> [Your goal] Beginning with the first line below, retype exactly each line through the one containing "Create a fresh". Leave out all pictures.

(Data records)
[Start of Attachment]

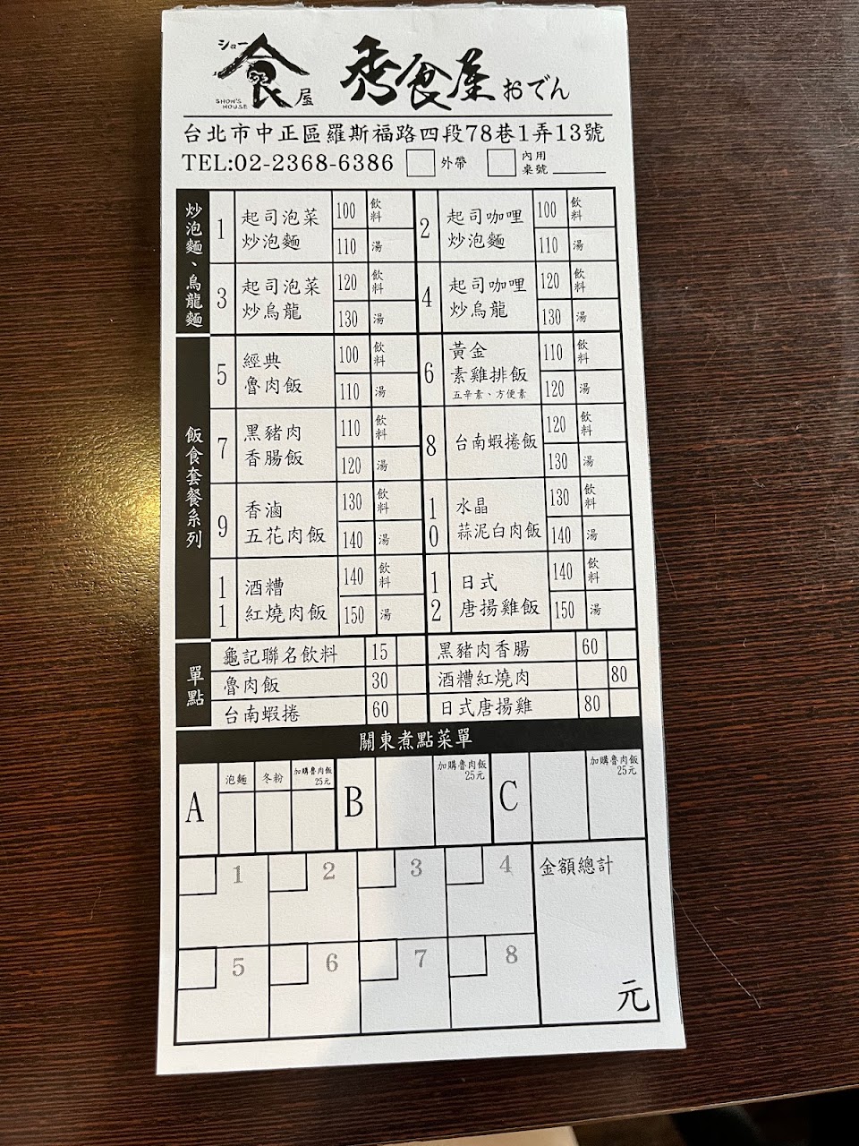 2024最新在地推薦餐廳的菜單_秀食屋Shows House -外送飯盒/關東煮專賣店的菜單、圖片
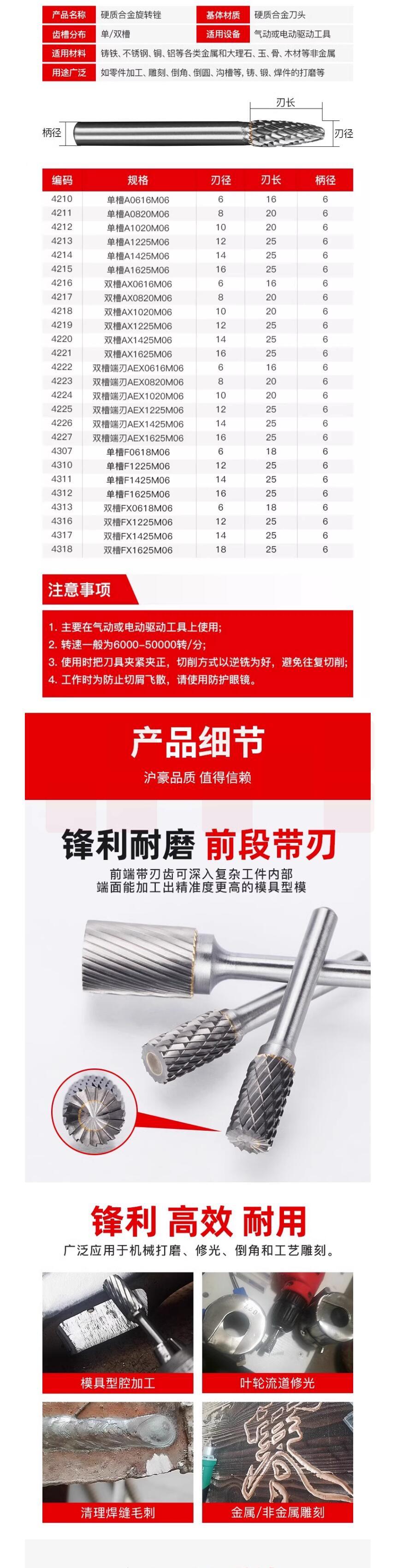 合金旋转锉内打磨钻头 双槽 FX0613 货号:JC
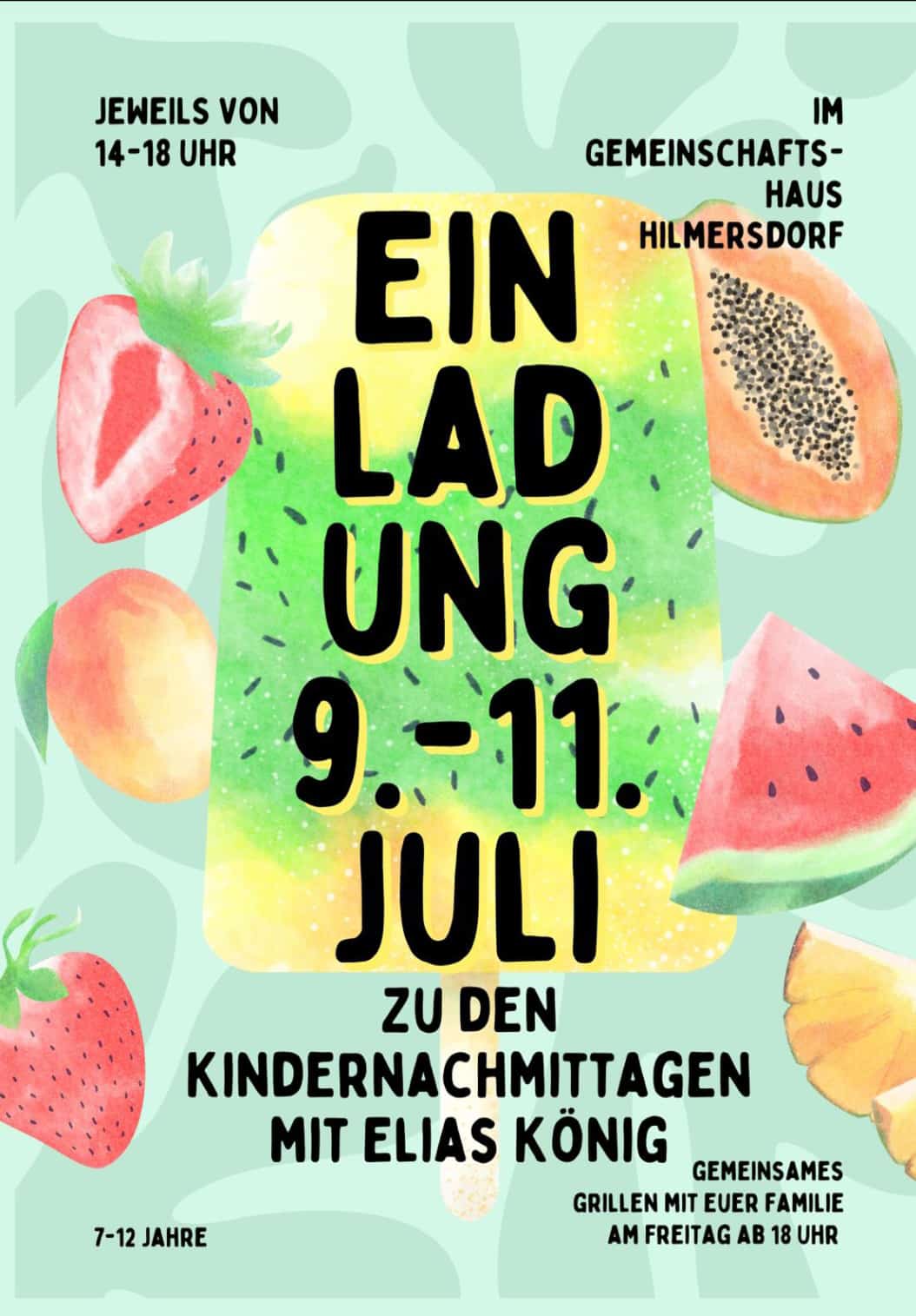 Am Freitag, dem 11. Juli 2025, findet ab 18 Uhr ein gemeinsames Grillen mit der ganzen Familie statt.
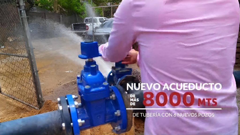 Destaca la construcción del nuevo acueducto, con más de 8 mil metros de tubería y seis pozos, obra que resolverá un problema de años, llevando agua de calidad a Bucerías y extenderá el servicio a La Cruz de Huanacaxtle.
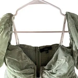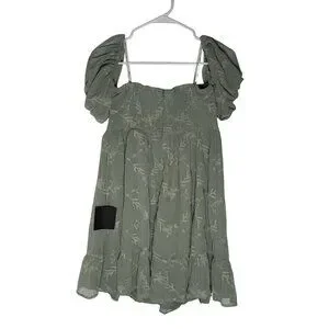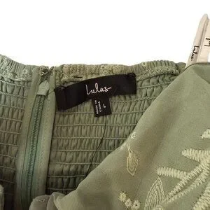 Lulus Cutest Icon Sage Green Embroidered Off-the-Shoulder Mini Dress Size Lg NWT
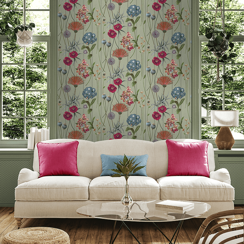 Create a fresh and inviting atmosphere with the Belgravia Decor Botanist Floral Sage Multi Wallpaper. Eye-catching blossoms make the Belgravia Decor Botanist Floral Sage Multi Wallpaper add a splash of colour to your walls. Striking red poppies and unique protea blooms take centre stage in this botanical wallpaper, complemented by other garden favourites on a soft sage, wood panel-effect background.
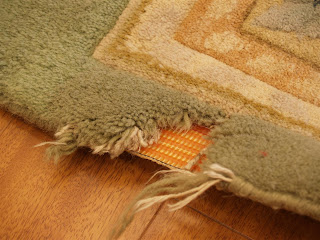 Today’s post follows up a previous post on the cleaning and reweaving of a large Indian Rug that we picked up from one of our customers. When we last left off the rug had been completely deep cleaned, sanitized and deodorized. With the rug in clean condition it was now time to take a look into the tear that had been caused by the previous company that attempted to clean it. Take a look at the damage below:
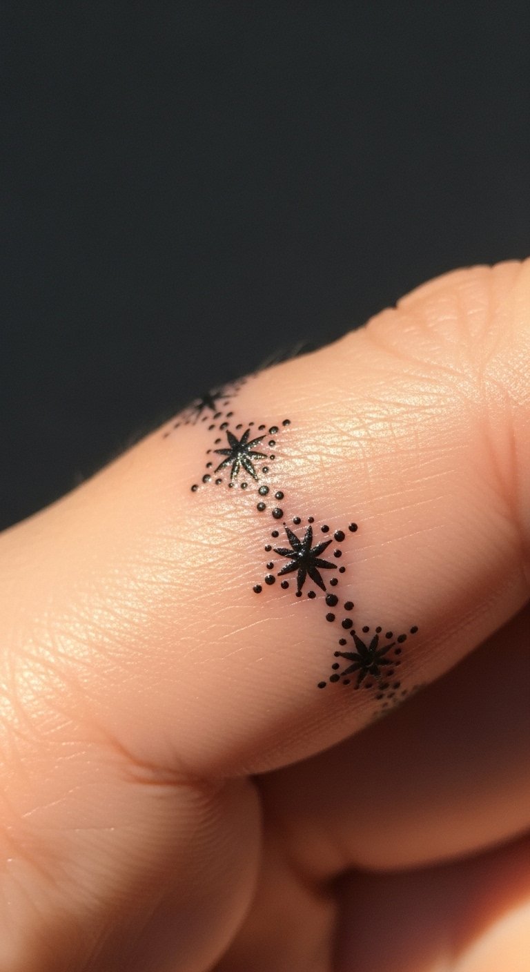 Finger bands are intimate but fade faster due to frequent washing and movement. Micro-dot stars look delicate initially, but plan for touch-ups down the road; artists often recommend bolder dots or spacing to extend life. Fingers hurt more than expected because skin is thin—expect soreness and quick scabbing. If you want a band that lasts longer, consider subtle negative-space designs against a thicker line. Related: micro dots, minimalist, finger tattoo.
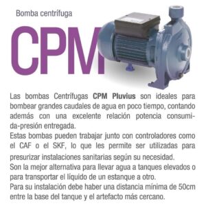 Las bombas centrífugas CPM Pluvius son ideales para bombear grande caudales de agua en poco tiempo de funcionamiento.
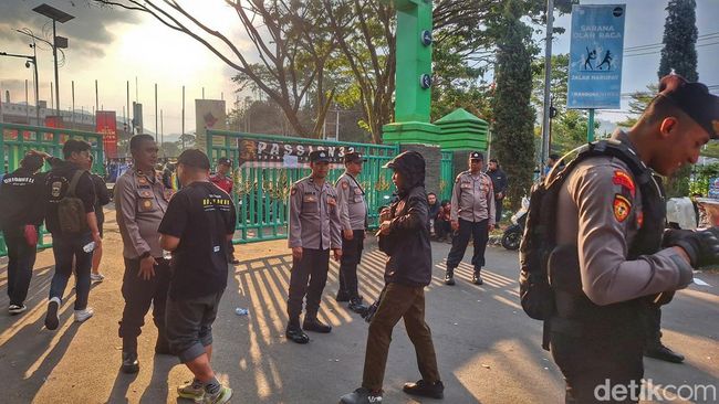 Pantauan detikJabar, sejumlah polisi melakukan pengamanan di sejumlah titik menuju stadion. Dari pintu keluar tol Kutawaringin Barat terdapat sejumlah polisi yang menjaga di titik tersebut.
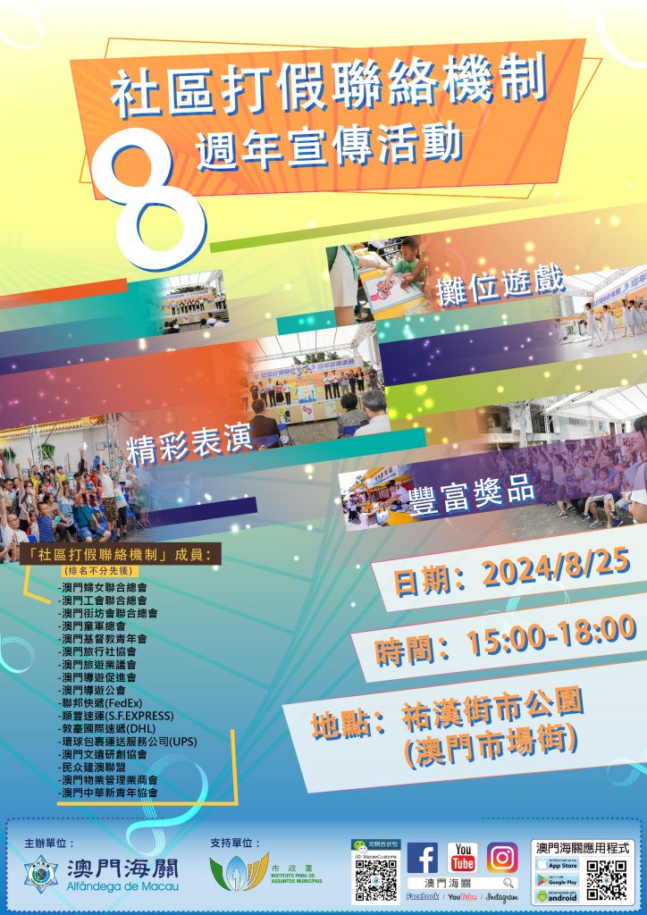 今年是澳門海關成立“社區打假聯絡機制”八週年,為進一步宣揚保護知識產權的理念,提高市民大眾的守法意識,海關將於8月25日(星期日)下午3時在澳門市場街祐漢街市公園舉辦社區宣傳活動,現場設有攤位遊戲及多項表演活動,更有豐富獎品,同場進行“保護知識產權”創作比賽頒獎儀式,歡迎全澳市民前來參與。
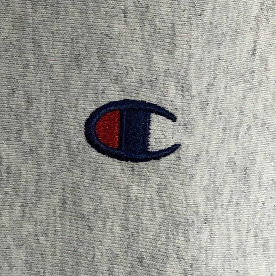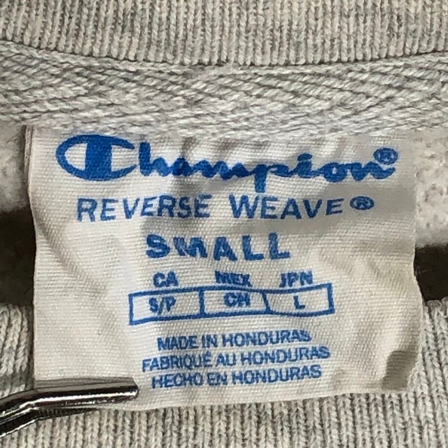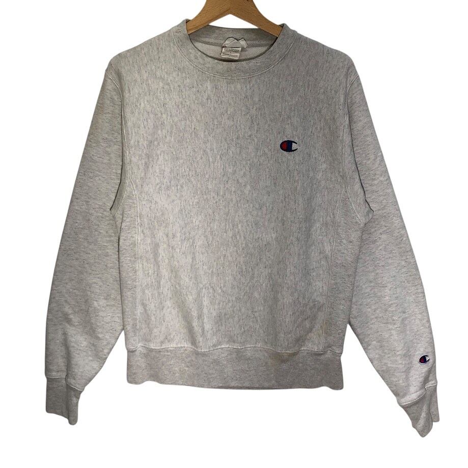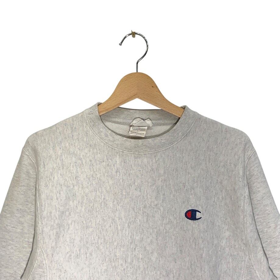 Champion REVERSE WEAVE チャンピオンリバースウィーブ スウェット トレーナー 長袖 袖刺繡 ワンポイント刺繡 クルーネック Honduras製 Sサイズ ライトグレー

[End of Attachment]

> [Solution for this exercise]
 2024最新在地推薦餐廳的菜單_秀食屋Shows House -外送飯盒/關東煮專賣店的菜單、圖片
 合金旋转锉内打磨钻头 双槽 FX0613 货号:JC
 Am Freitag, dem 11. Juli 2025, findet ab 18 Uhr ein gemeinsames Grillen mit der ganzen Familie statt.
 Destaca la construcción del nuevo acueducto, con más de 8 mil metros de tubería y seis pozos, obra que resolverá un problema de años, llevando agua de calidad a Bucerías y extenderá el servicio a La Cruz de Huanacaxtle.
 Lulus Cutest Icon Sage Green Embroidered Off-the-Shoulder Mini Dress Size Lg NWT
 Create a fresh and inviting atmosphere with the Belgravia Decor Botanist Floral Sage Multi Wallpaper. Eye-catching blossoms make the Belgravia Decor Botanist Floral Sage Multi Wallpaper add a splash of colour to your walls. Striking red poppies and unique protea blooms take centre stage in this botanical wallpaper, complemented by other garden favourites on a soft sage, wood panel-effect background.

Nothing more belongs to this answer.